Issue: Stack runs service but some containers show as “new” but not running. And there isn’t a node set either. Check out the output of the docker stack ps command:
ID NAME IMAGE NODE DESIRED STATE CURRENT STATE ERROR PORTS
goo9f6e5evmt bdnet_bdnet-bls.1 evolvecomputing/evolve:binLogService-v1 Running New about an hour ago
There isn’t a node set.
OS Version: CentOS 7.8
Docker Version:
Client: Docker Engine - Community
Version: 19.03.13
API version: 1.40
Go version: go1.13.15
Git commit: 4484c46d9d
Built: Wed Sep 16 17:03:45 2020
OS/Arch: linux/amd64
Experimental: false
The output of the command is awful to read. Can you repost it, but this time use docker stack ps ${your stack name} --format '{{json .}}' to get json output and post it instead?
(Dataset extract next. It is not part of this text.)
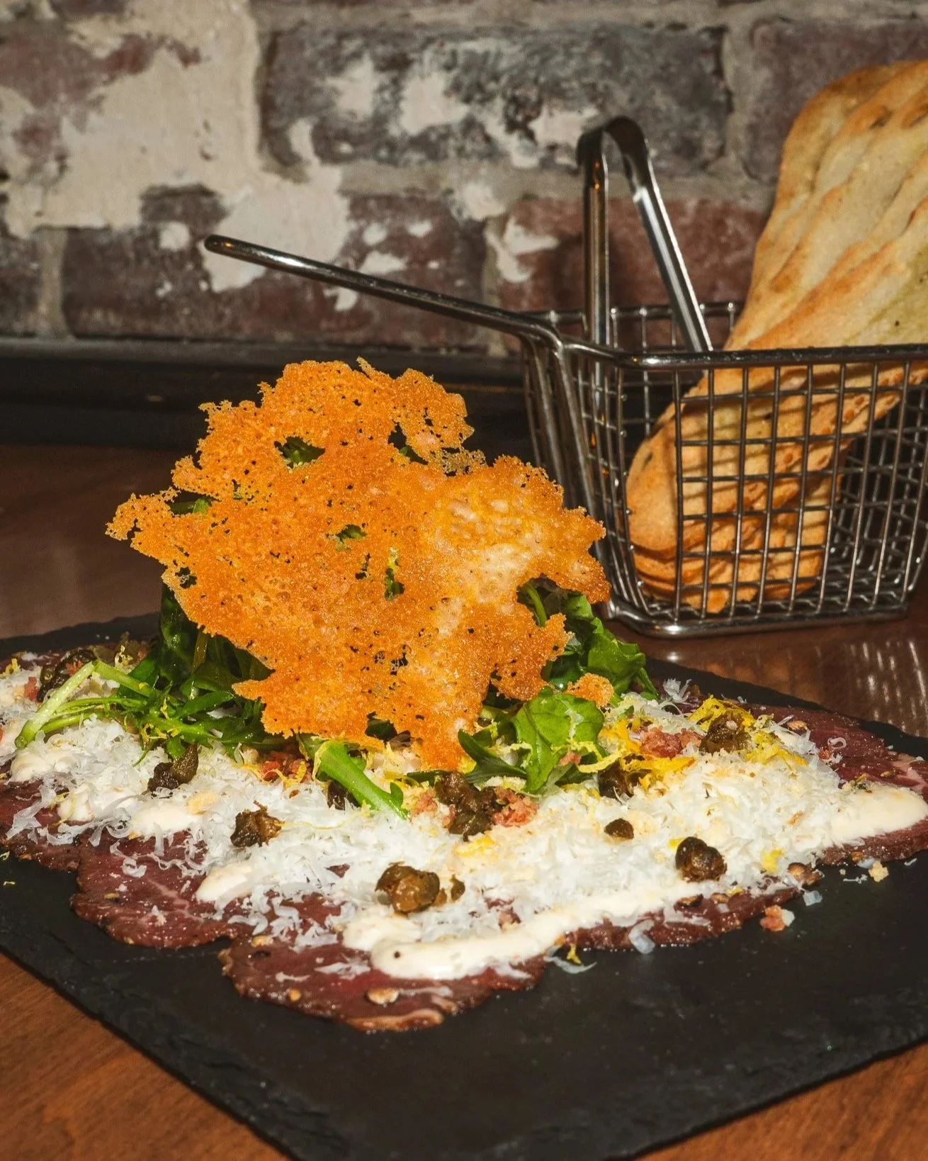 thinly slicced AAA tenderloin, creamy caesar dressing, panko-parmesan crisp, friend capers, shredded asiago, thinly sliced baguette crostini

Hmm, indeed the Node information is missing, but at the same time Error is empty. That’s odd.
Can you try docker stack ps nzb --format '{{json .}}' --no-trunc to get a more detailed output?
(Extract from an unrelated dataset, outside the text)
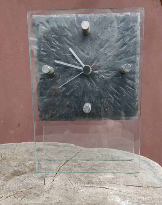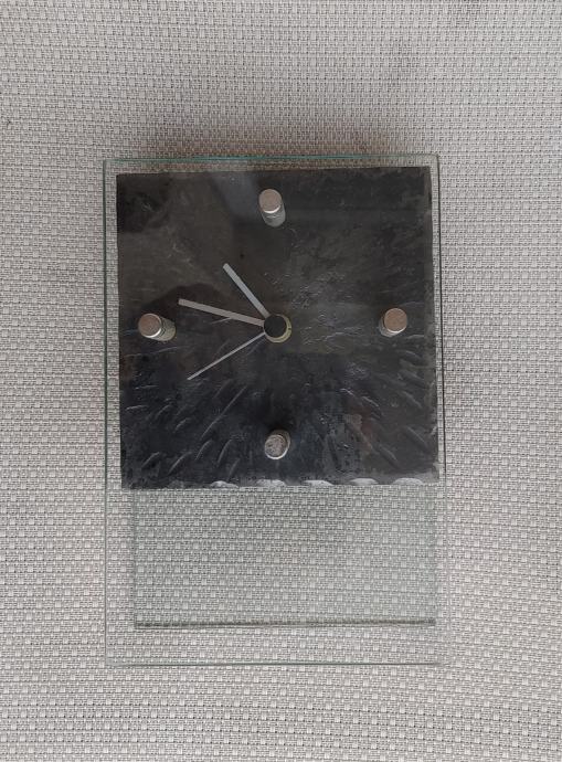 Prodam namizno dekorativno uro iz kovanega železa in stekla. Izdelek umetnega kovaštva iz Krope. Dimenzija ure je 14x21 cm (steklo) in 14x14 (samo kovani del). Leto izdelave 90. leta prejšnjega stoletja.

Looks like the scheduler did not even create a task. Though, in case of schedulung problems, I would except Error not beeing empty…
Hmm, according https://docs.docker.com/engine/swarm/how-swarm-mode-works/swarm-task-states/ your service is stuck in the inital state. I have never seen a deployment beeing stuck in that state without actualy providing ANY sort of details that would help with root cause analysis. You can check todays systemd logs for errors: `sudo journalctl -t dockerd -t docker -S “$(date +%F)” and see if something suspicous pops up.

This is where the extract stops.